У него такие стержневые идеи были… Я не знаю, может, у него для других другие идеи были — с кем он серьезно говорил по вопросам философии, мог мистику обсуждать… А вот на моем уровне, банальном таком… Значит, один раз я приезжаю к нему, он говорит: “У меня сейчас вся надежда на технократов и карательные органы”. Это при Брежневе. Что только они могут привести страну в порядок. Ну, это довольно диким мне казалось. Хотя вот будущее как бы подтвердило это, да? Спустя двадцать лет.

Потом… К нему в другой раз приезжаешь — он ненавидит католиков и иезуитов. И считает, что Пушкина иезуиты… — он тогда очень Пушкиным много занимался и считал, что его иезуиты погубили.

В следующий раз я приехал, он очень сильно ненавидел сионистов, что-то проклинал Кабакова, что от них очень много зла. Ну тут мне это уже надоело… Но это идея, я говорю, как бы для layman’а (29), может быть, с Бархиным они более духовные проблемы обсуждали, а на уровне такой жизни простой…

— Бархин говорит, что они с ним в преферанс играли.

Вполне могли играть. Не, ну он замечательно… Там у меня был сын маленький тогда, ему года три, четыре было — безумная энергия, которую некуда девать. Так он: “Ходить надо с ним, ходить, ходить, чтобы уставал — тогда будет спокойная жизнь”.

У него чувство юмора замечательное совершенно было. Он не шутил постоянно, но шутил очень хорошо. К сожалению, у меня память плохая на чужие шутки. И при всей суровости такой и довольно большой агрессивности и нетерпимости это одна из причин, почему к нему люди тянулись.

Но все-таки я так считаю, что на первом месте из его душевных качеств сила воли была. На втором — ум. Непосредственно художественная одаренность — на третьем месте. Но и в художественном — я не видел его продуктов почти никаких, я только читал прозу — я видел, что и там воля чрезмерно развита. Он насиловал русский язык, на мой взгляд. Понятно, что он хочет сказать, и это как бы грамотно, но… вот управление слов видно, что оно — силовое. Не подчиняется языку… Это мне мешало его читать очень, потому что я все время вижу, что он еще и язык хочет исправить, кроме идеологии.

— А что вы читали?

Ну вот про козлов. И что-то до этого. У него было типа пьесы какой-то… Но этого я не помню. Но поскольку вот, я говорю, художественное… Дело не в том, что там плохое или хорошее. Есть что тебе по организму, а есть что нет. Вот замечательный писатель Джойс, но мне его читать скучно. Вот это тот же вариант: это мне не подходило, как он писал.
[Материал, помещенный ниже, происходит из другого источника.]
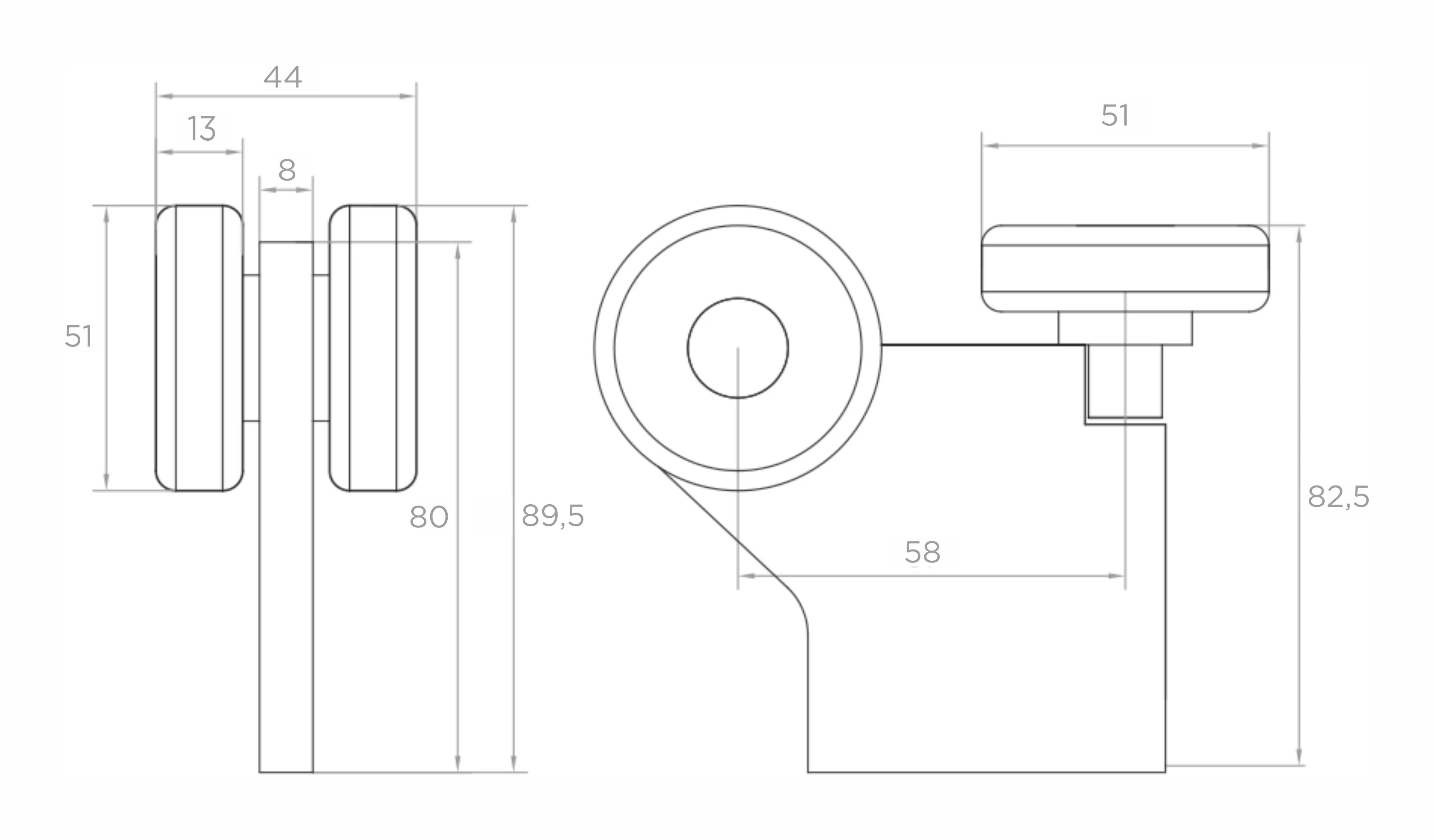 - Tragrollen (Stahl): 2 Stk. – Durchmesser 51 mm, Breite 13 mm

— А вы не переписывались никогда?

Нет, никогда. Я вообще писать ненавижу. Он, наверно, любил, потому что у него много соображений было, а я не умею просто. Я пишу только за деньги, переводы.

Да, но вот про Любимова… Но это я уже косвенно знаю, только по его рассказам. Что он там, вроде, отчасти мозговым трестом был…

…Он сказал… его обком как бы выжил из Питера… Он сказал, что это потому, что они хотят сидеть в зале и смотреть на спектакль, на актеров, на пьесу, а его спектакль на них смотрит. И они этого не выдерживают.

…Он считал себя вправе учить. Но я думаю, что отчасти это право было, потому что… это ему самому большой работы стоило, душевной — то, что он знал. Но, как у всякого человека, который на других действует, там элемент актерства, обязательно: надо на публику уметь производить впечатление. Но некоторые женщины замечают только это, их не интересует, что под этим происходит. Поэтому раза два или три я слышал более скептические отзывы, с которыми я не согласен. Я это тоже видел — актерство там, позу, но привходящее…

Да, вот этот случай с Крахмальниковой его очень мучил — что его неправильно поняли. Он раза три пытался его мне объяснить, хотя я его достаточно хорошо понимаю, этого человека… Он это сделал, с одной стороны, в какой-то степени, чтобы защитить другого, а с другой стороны, еще раз почувствовать, что он выше. Очень смешанная была история… Не надо, в принципе, туда ходить и говорить: “Заберите лучше меня”, да? А ей говорить: “Покайся”…

 

6.10.2001. В этот день ко мне заезжала за книгой Маша Шифферс. В коротком разговоре я — утверждая свое право доискиваться до подлинного Шифферса, не считаясь с чувствами близких: “Буду делать то, что задумал, даже если вы будете против”. Маша удивленно вскинула глаза. “И это будет не лаборатория по бальзамированию, а, скорее, анатомический театр”. На эту сомнительную метафору ответ неожиданно благоприятный: “Анатомия всегда лучше”. Я: “Мой мотив — желание понять”. Маша: “Это — лучший мотив”.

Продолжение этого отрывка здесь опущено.